Of course, even if reforms succeeded in ending every imaginable physical form of abuse to nonhuman animals and their lives were all terminated through some painless process, every animal on every farm would still be unnecessarily--and thus unjustly--imprisoned and killed, as the co-founder of the Vegan Society observed over 80 years ago after visiting his Uncle George's farm : 
the idyllic scene was nothing more than Death Row, where every creature's days were numbered by the point at which it was no longer of service to human beings.
Further, when a supposed "animal rights" group favors one type of confinement or killing over another, it implicitly (and even explicitly) condones using animals for human benefit (so long as it is done less cruelly). This of course runs counter to animal rights advocacy, which seeks to liberate hens and other nonhumans from human oppression altogether.

It is vital that the core of the animal rights movement--the abolitionists--reclaim "animal rights" for what it is. How?
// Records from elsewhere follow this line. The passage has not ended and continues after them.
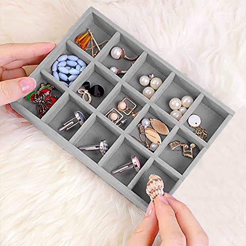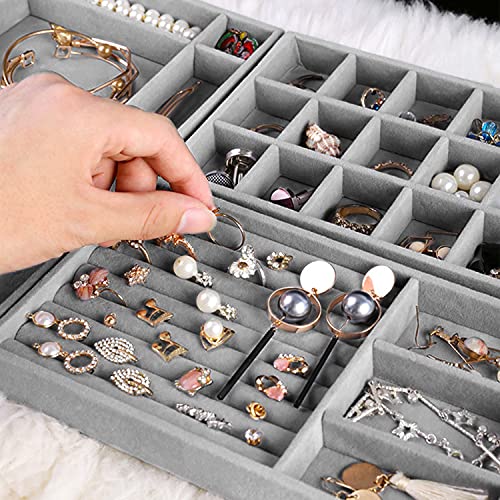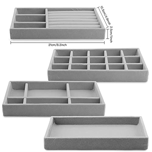 مجموعة صواني تنظيم المجوهرات من القطيفة قابلة للتكديس لعرض المجوهرات في الأدراج، تستخدم لتنظيم وتخزين المجوهرات والحلقان والسلاسل والأساور والخواتم من لينرو، 4 قطع (لون رمادي)
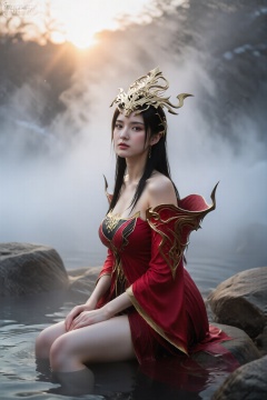 一位肌肤胜雪的女友,坐在露天温泉的岩石上,上半身构图。寒冷的冬日傍晚,温泉蒸腾起的大量热气在冷空气中遇冷,被夕阳的逆光穿透,形成了如梦似幻的氤氲光雾。
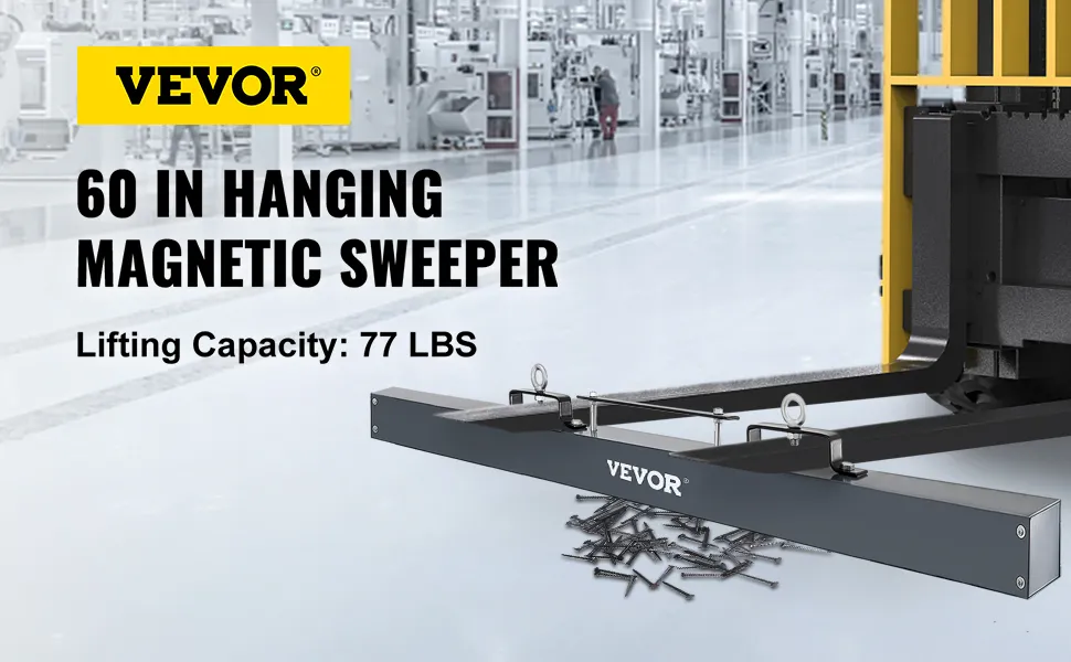 Esta barredora magnética tipo suspensión mide 60 pulgadas de largo y 3,9 pulgadas de ancho. Es una herramienta perfecta para recoger clavos, tornillos y muchos otros objetos metálicos esparcidos por todo el lugar.

By widely and clearly restating the animal rights position, which is what I intend to do over the course of this series. As we come to understand the basis for the human oppression of nonhuman animals and the changes required to liberate those animals from this oppression, the path forward becomes much more focused and even simpler than many would have you believe.

By reclaiming, clarifying, and amplifying the abolitionist position on animal rights, we draw attention to what we specifically mean when we say "animal rights," defining better for ourselves and others what exactly it is we seek on behalf of nonhuman animals. In returning to our basic mission, we refocus our efforts and the public eye on what is ultimately at stake: the interests of nonhuman animals in not being used exclusively as a means to human ends. That is an animal rights movement. 

After all, if we do not talk in terms of rights, then how can we even call ourselves animal rights activists? By openly, actively, and intelligently promoting animal rights and the abolition of animal exploitation, we have the potential to move the dialogue on animal rights forward in a meaningful way.

With greater clarity, precision, and stronger claims-making, our movement will be more coherent as it strikes at the roots of animal exploitation, rather than spending vast resources on efforts for nonhuman beings that on the surface seem good, but which ultimately do very little for them individually and may well further entrench their status as property for humans to use for the foreseeable future.

The goal of this series of posts, then, is in line with the mission statement at Francione's own website:
to provide a clear statement of a nonviolent approach to animal rights that (1) requires the abolition of animal exploitation; (2) is based only on sentience and no other cognitive characteristic, and (3) regards veganism as the moral baseline of the abolitionist approach.